Water Damaged Cars May Flood Local Dealerships Following Severe Weather

Atlanta, GA (PRWEB) May 19, 2011

Leadsbyfone is a marketing and lead generation company servicing the water damage and basement flooding cleanup industry. This release is for informational purposes only, Water Damage Local does not repair water damaged vehicles.

Rena Michelle of Little Rock, AR thought she had found the dream car, a slightly used, 2010 Chevy Impala, the perfect choice for her and her three children. She did the ubiquitous test drive and walk around so far, it looked good. Then, following the advice of her neighbor, she took the car to a local mechanic to have it checked out, a decision she is now very glad she made as the car had water damage.

A more thorough inspection of the perfect car turned up rust where there shouldnt be, especially in a car so new, as well as moisture stains in the carpeting and visible water lines in the engine compartment and trunk. Digging into the vehicles title history revealed the culprit.the car had been caught up in some local area flooding months before, suffering major water damage and requiring considerable repair to correct. The decision to have a pre-purchase inspection performed saved Ms. Michelle thousands of dollars in near future repairs and improvements.

Rena Michelle is one case, however with the recent record flooding across much of the southeastern US, its a sure bet that many cars just like this one will be cropping up on dealership lots. While dealers are required by law to disclose if a car has had previous damage, the fact is that unscrupulous dealers are as plentiful in the automotive world as fleas on a dog, and just about as annoying.

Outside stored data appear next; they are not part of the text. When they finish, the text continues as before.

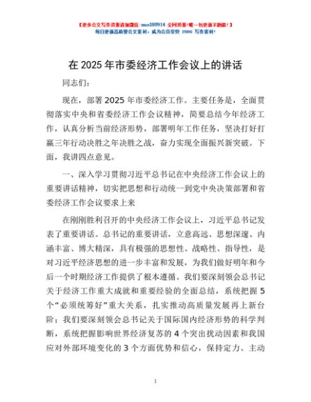 / 在2025年市委经济工作会议上的讲话
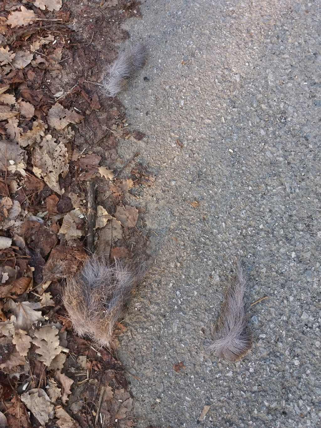 Poco distante, sia da una parte che dall'altra, ho trovato dei ciuffi di pelo. Magari c'erano già ieri e non li ho visti.
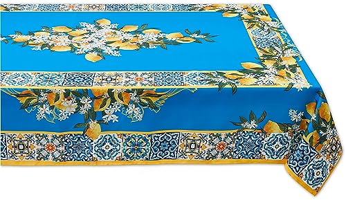 YiHomer Mittelmeer-Tischplatte in der Provence-Blau-Zitrone, für Frühlings- und Sommerdekorationen, Picknicks und Dinner-Partys – drinnen und draußen, flecken- und wasserabweisend, Tischdecke, 178 cm,
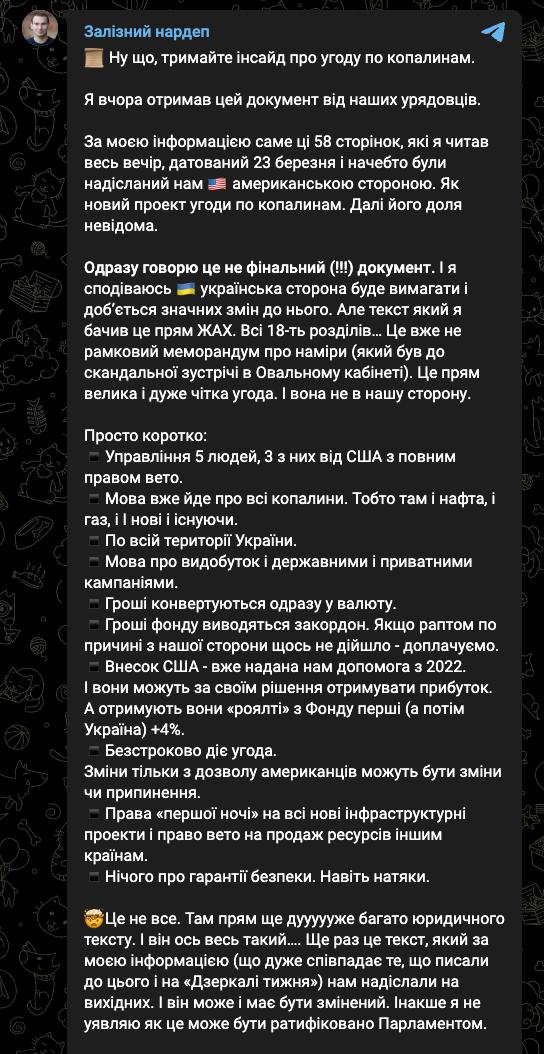 Як пише нардеп, запропонована США угода щодо надр "не на нашу користь". Він заявляє, що в ньому йдеться про всі корисні копалини, причому як про нові, так і про родовища, що вже розробляються.
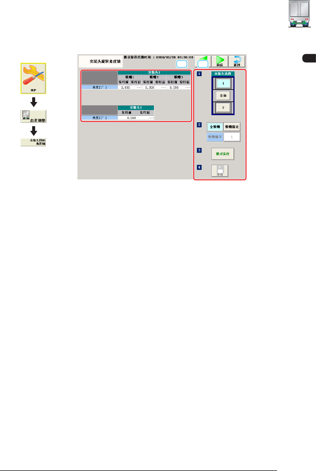 (1) 选择实行安装头旋转角度补正值教示的安装头 (1、2 或全体 )。
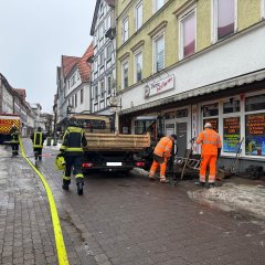 Am Dienstagmittag gegen 12:00 Uhr wurde die Stützpunktfeuerwache zu einem Wasserrohrbruch in der Landgrafenstraße alarmiert. In einem Keller war eine Wasserleitung geplatzt, aus der innerhalb einer Stunde rund 21.000 Liter Wasser austraten.
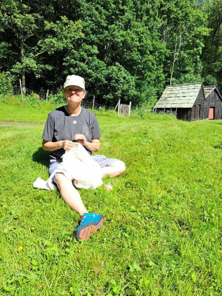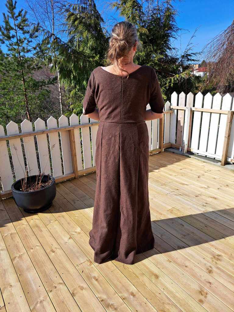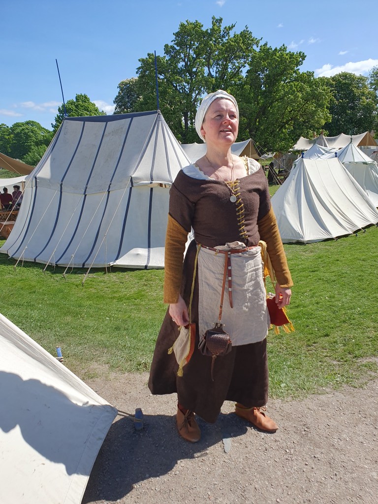 This summer, our time travel goes to the 1400s. Through friends we have become entangled in the small group of Tunsberghus 1470, and have been invited as guests to a week-long event organized by The Company of Saynte George at the Medieval Centre in Denmark, also set in the year 1470. Until now, we have – in the Middle Ages – prioritized the time until about 1350, where we can hop on and off at several stops with the time machine. After the Black Plague, however, fashion changed a lot. That means we had to start pretty much from scratch. Quite a lot of time has been spent making new clothes, in addition to busy jobs and preparations for the Oslo Medieval Festival and Bjørgvin Marknad. There has been some trial and error before we were satisfied with the patterns and fit, but we are gradually getting there. In Oslo we tested some of the 1400s clothes, even though the wardrobe was far from finished. Recently we have stepped up the sewing, and hope to finish most of what we had planned for before the deadline of July 20th.
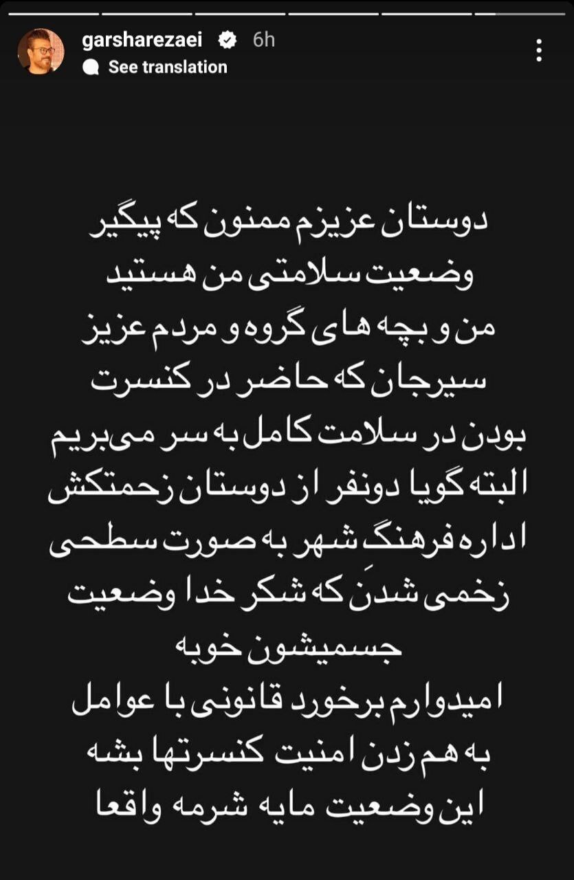 «گرشا رضایی» که کنسرتش به علت حمله عوامل ناشناس برهم خورد در واکنش به این اتفاق با بیان اینکه خود و گروهش در سلامت هستند نوشت: امیدوارم با عوامل بر هم زدن امنیت کنسرتها برخورد قانونی شود.

These bottom feeders of the industry know that a car can be repaired, appear as good as new, and be sold for an attractive profit as the result of buying the vehicle initially as a low cost salvage title. The result is a classic case of buyer beware when shopping for your next automobile.

Dont become the secondary victim of somebody elses misfortune. Once a good vehicle is found, ask questions. Hard ones. Make sure the auto dealer is open with the vehicle’s history. Dont be afraid to crawl all over it, or through it, or under it, or whatever it takes. Drive the car more than once. Look for signs that the vehicle has a questionable history, such as water in the intake, stains under the spare tire, or grass and mud under the hood (if that alone doesn’t reveal something is amiss, nothing will).

And even if the car appears okay on all counts, just when the dealer thinks he has sold it, postpone buying it until a trusted mechanic gives it a thorough inspection and his approval. Legitimate dealers will have no problem with this. However, if the dealer hesitates, get up, walk out, and dont look back. It just became obvious that he has something to hide.

Follow these common sense rules to avoid getting stuck with a flooded out lemon.